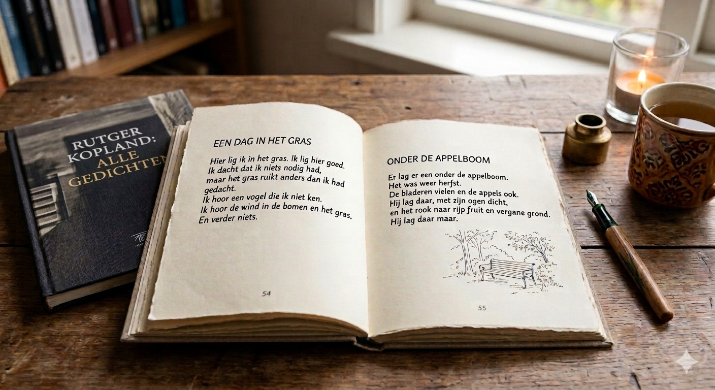 Rudi van den Hoofdakker werd bekend als dichter onder de naam Rutger Kopland. Hij was psychiater en hoogleraar biologische psychiatrie in Groningen, maar bereikte vooral het grote publiek met zijn toegankelijke, lichte poëzie – melancholiek, subtiel en ironisch – waardoor hij uitgroeide tot Nederland’s meest geliefde dichter. Hij debuteerde in 1966, publiceerde meer dan vijftien bundels en won onder andere de P.C. Hooft‑prijs (1988) en VSB‑Poëzieprijs (1998).
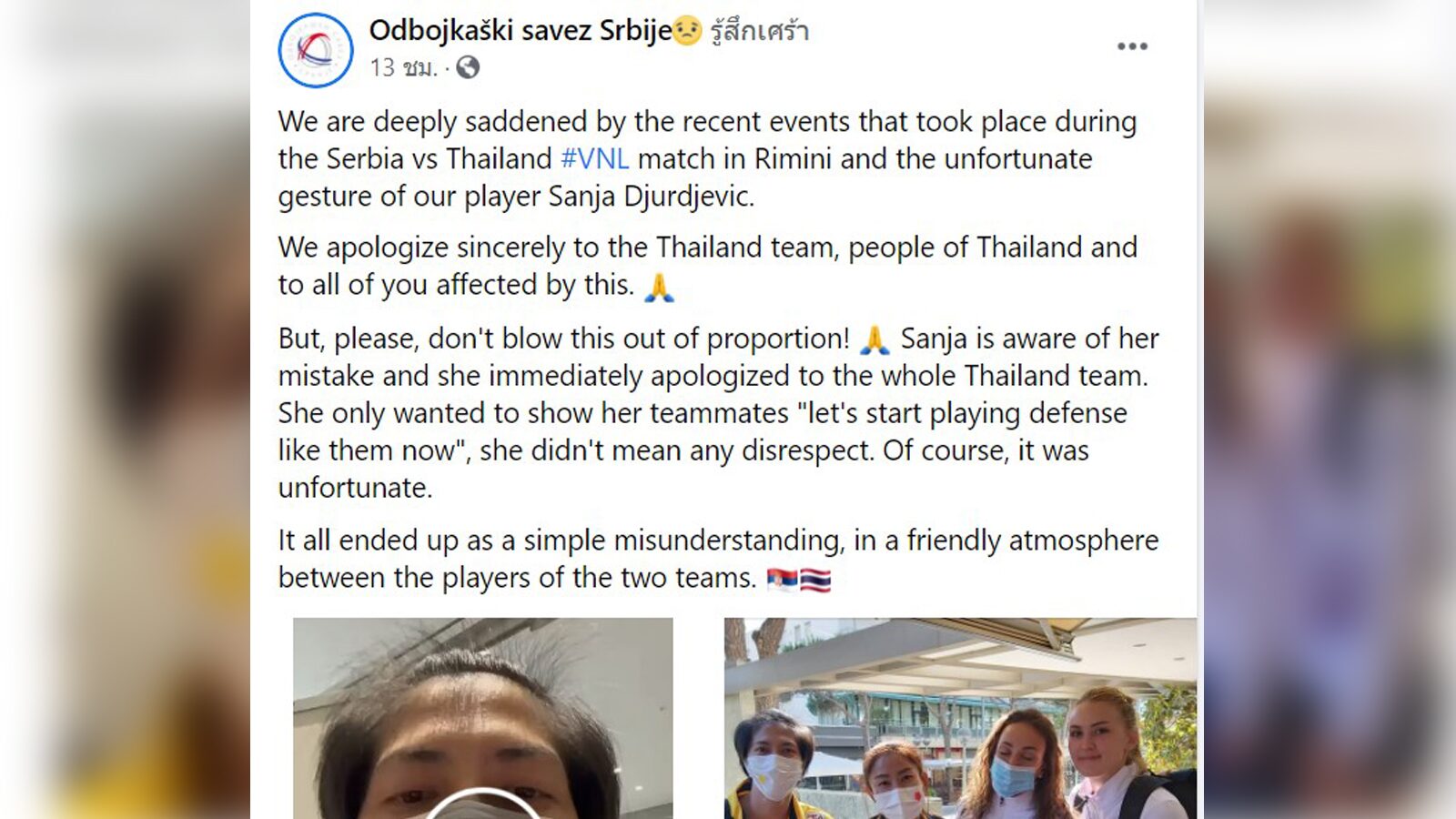 ต่อมาทาง "ปลื้มจิตร์ ถินขาว" นักกีฬาวอลเลย์บอลสาวไทยได้โพสต์คลิปบนเฟซบุ๊คส่วนตัวว่า ยูร์เยวิช ซานญา ผู้เล่นเซอร์เบียได้เข้ามาขอโทษแล้ว และชี้แจงว่าไม่ได้ตั้งใจเหยียดเชื้อชาติแต่อย่างใด จากนั้นไม่นานทางสหพันธ์วอลเลย์บอลเซอร์เบีย ก็ออกแถลงการณ์ขอโทษทีมไทยเช่นกัน
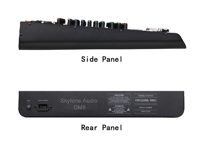 3. Provide 8 channels of+48V phantom power supply and dual row level lights.
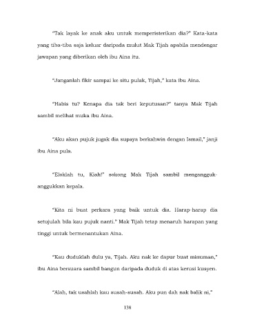 “Janganlah fikir sampai ke situ pulak, Tijah,” kata ibu Aina.
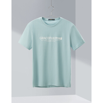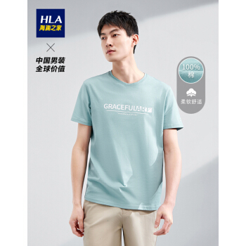 HLA海澜之家舒适半袖短袖T恤2020夏季新品圆领字母印花套头衫男HNTBJ2Q137A 浅绿花纹D7 175/92A/L
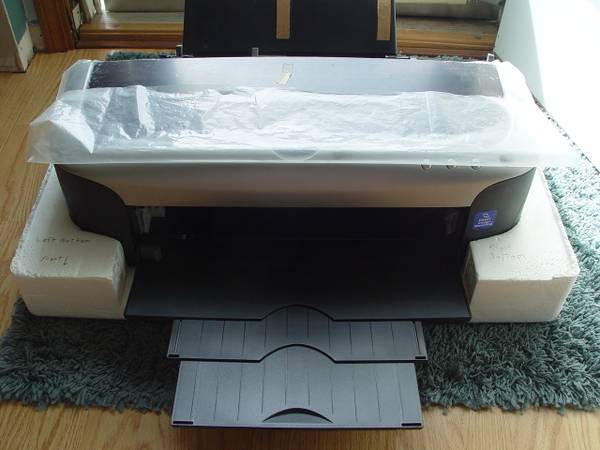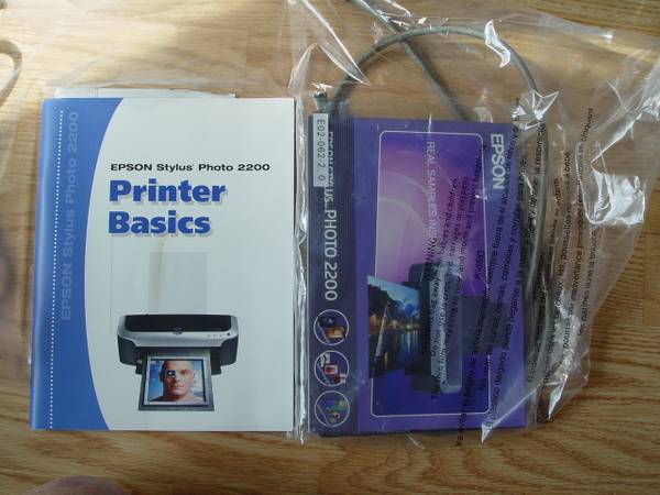 Selling my Epson Stylus Photo 2200 model. Comes with power cord, Roll Paper Cutter, Firewire Cable , Booklets shown -- Installation software is available on the Epson website.-- Yes - it still has the factory protective plastic on the top panel! Printer was always covered with a plastic sheet when not in use so yes, it looks like new.
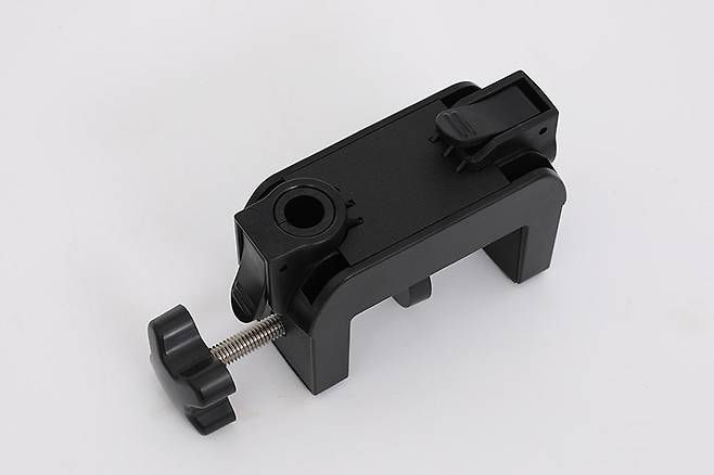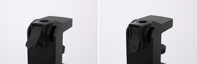 침대 거치 등 클램프를 수직으로 장착하지 않고 수평으로 장착할 때에도 지지대를 세워서 고정할 수 있도록 두 방향으로 지지대 고정홈이 준비되어 있다.
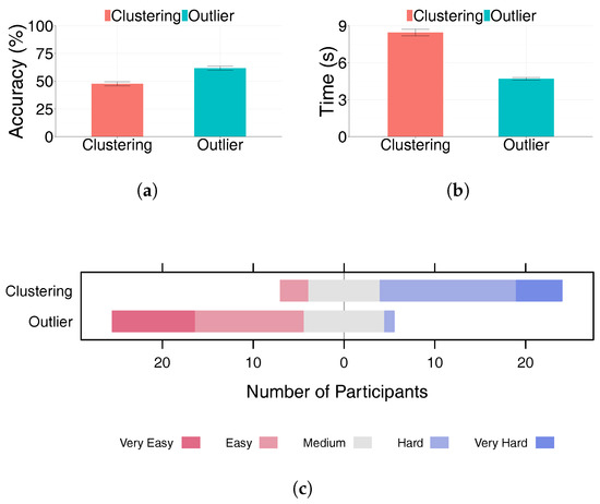 Clustering vs. outlier task. (a) Task accuracy (higher is better); (b) Task completion time (lower is better); (c) User preference.
::::::
_Exercise prompt_.
What I need is every record written out exactly, minus the pictures.

_Solution for this task_.
 Rudi van den Hoofdakker werd bekend als dichter onder de naam Rutger Kopland. Hij was psychiater en hoogleraar biologische psychiatrie in Groningen, maar bereikte vooral het grote publiek met zijn toegankelijke, lichte poëzie – melancholiek, subtiel en ironisch – waardoor hij uitgroeide tot Nederland’s meest geliefde dichter. Hij debuteerde in 1966, publiceerde meer dan vijftien bundels en won onder andere de P.C. Hooft‑prijs (1988) en VSB‑Poëzieprijs (1998).
 ต่อมาทาง "ปลื้มจิตร์ ถินขาว" นักกีฬาวอลเลย์บอลสาวไทยได้โพสต์คลิปบนเฟซบุ๊คส่วนตัวว่า ยูร์เยวิช ซานญา ผู้เล่นเซอร์เบียได้เข้ามาขอโทษแล้ว และชี้แจงว่าไม่ได้ตั้งใจเหยียดเชื้อชาติแต่อย่างใด จากนั้นไม่นานทางสหพันธ์วอลเลย์บอลเซอร์เบีย ก็ออกแถลงการณ์ขอโทษทีมไทยเช่นกัน
 3. Provide 8 channels of+48V phantom power supply and dual row level lights.
 “Janganlah fikir sampai ke situ pulak, Tijah,” kata ibu Aina.
 HLA海澜之家舒适半袖短袖T恤2020夏季新品圆领字母印花套头衫男HNTBJ2Q137A 浅绿花纹D7 175/92A/L
 Selling my Epson Stylus Photo 2200 model. Comes with power cord, Roll Paper Cutter, Firewire Cable , Booklets shown -- Installation software is available on the Epson website.-- Yes - it still has the factory protective plastic on the top panel! Printer was always covered with a plastic sheet when not in use so yes, it looks like new.
 침대 거치 등 클램프를 수직으로 장착하지 않고 수평으로 장착할 때에도 지지대를 세워서 고정할 수 있도록 두 방향으로 지지대 고정홈이 준비되어 있다.
 Clustering vs. outlier task. (a) Task accuracy (higher is better); (b) Task completion time (lower is better); (c) User preference.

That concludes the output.